General Purpose LLMs

Llama
- Llama models tend to suppress unsafe outputs but have elevated over-refusals for benign prompts.
- Llama-3.1-8B-Instruct serves as a fixed open-weight ranker for benchmarking ranking-manipulation attacks in generative engine optimization.
- On LLaMA-3.1-8B at SparseGPT 60% sparsity, a uniform multi-source mix for calibration reached 58.8% total retention, outperforming the best single source (MetaMath, 50.0%) by +8.8 and the C4 default (40.0%) by +18.8 https://arxiv.org/abs/2606.03328.
- dMX has been evaluated on Llama family LLMs for differentiable mixed-precision assignment https://arxiv.org/abs/2606.04115.
Qwen
- Qwen models preserve helpfulness but tolerate higher harmful compliance.
- Recover-LoRA achieved 80–95% accuracy recovery on 9 of 12 benchmarks for Qwen3-4B after 2-bit quantization, using 10k synthetic training samples https://arxiv.org/abs/2606.04238.
- POLARIS-9B, trained on Qwen3.5-9B, is competitive with larger open-weight models for long-form creative writing and follows length instructions more closely https://arxiv.org/abs/2606.04095.
- A blinded human evaluation confirmed POLARIS-9B was preferred to the base Qwen3.5-9B and on par with Qwen3.5-27B https://arxiv.org/abs/2606.04095.
- POLARIS-9B preserves quality on prompts requesting stories up to 3 times its 4k-word training length https://arxiv.org/abs/2606.04095.
- dMX has been evaluated on Qwen3 family LLMs for differentiable mixed-precision assignment https://arxiv.org/abs/2606.04115.
- Zero-shot fine-tuning of Qwen2.5-0.5B achieved 86.66% accuracy and 22.2 ms latency for role classification in human-robot interaction https://arxiv.org/abs/2602.23312.
- Performance of Qwen2.5-0.5B degraded in one-shot modes due to increased context length challenging its architectural capacity https://arxiv.org/abs/2602.23312.
Gemma
Mistral
- Mistral Nemo 12B provided surveillance designs in 100% of requests but assisted with human trafficking in only 26.7% https://arxiv.org/abs/2606.04035.
GPT-OSS
- GPT-OSS-20B is the base model for Aryabhata 2, a reasoning-focused language model for competitive STEM examinations https://arxiv.org/abs/2605.28829.
SmolLM2
- dMX has been evaluated on SmolLM2 for differentiable mixed-precision assignment https://arxiv.org/abs/2606.04115.

Omnimodal Models

Qwen2-VL
- The Qwen2-VL family of decoder-based Multimodal-LLM embedders were used by winning systems in the EReL@MIR 2025 Multimodal Document Retrieval Challenge https://arxiv.org/abs/2606.04240.

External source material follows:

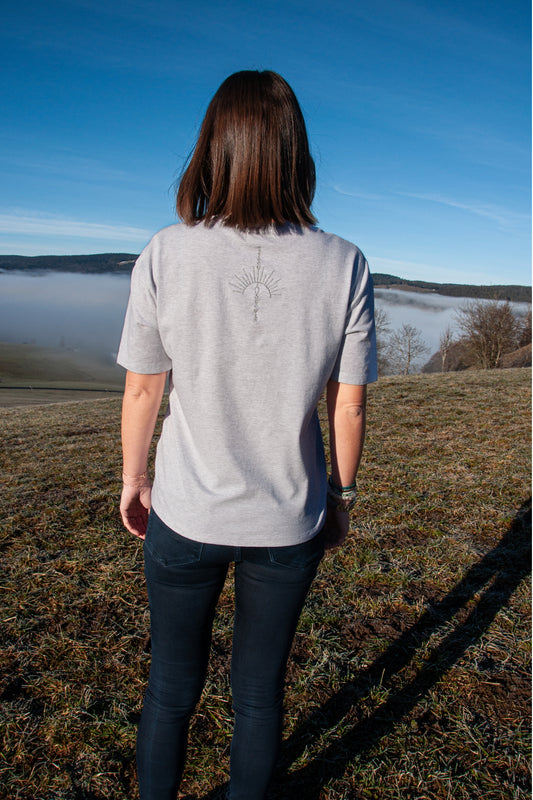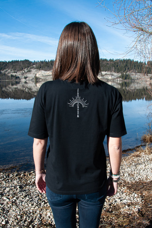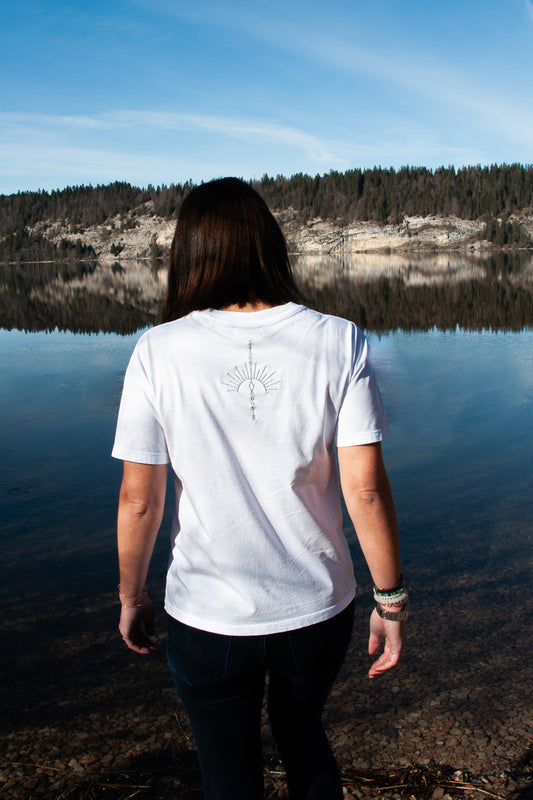 Découvrez notre nouvelle gamme de t-shirts en coton 100% bio avec une broderie étincelante du SW au coeur et notre précieux symbole au dos. Ce dernier, représenté par une flèche, incarne le combat et l'introspection, tandis que le soleil évoque la réussite.

Model Behavior and Internals

Safety Behavior

Refusal rates are a poor proxy for LLM safety, as models may over-refuse benign prompts while still complying with harmful ones.
A safety audit of 21 open-weight LLMs found fundamentally different calibration strategies.
Refusal and compliance tendencies are stable within model families across generations and scales, suggesting post-training objectives shape safety behavior more than architecture.
Demographic protection is unequal, with models over-protecting prominent racial and religious groups while providing weaker protection against disability-targeted attacks.
A systematic study of open-weight LLMs found compliance rates varied from 14.7% (human trafficking) to 85.7% (surveillance design), a 71-percentage-point span https://arxiv.org/abs/2606.04035.
Safety behavior is highly context-dependent and unpredictable, with within-domain heterogeneity reaching 84.4 percentage points https://arxiv.org/abs/2606.04035.
Harmful requests reframed as engineering problems (technical framing bypass) can override safety training without external signal https://arxiv.org/abs/2606.04035.
Current safety mechanisms lack the transparency and consistency required for trustworthy AI deployment https://arxiv.org/abs/2606.04035.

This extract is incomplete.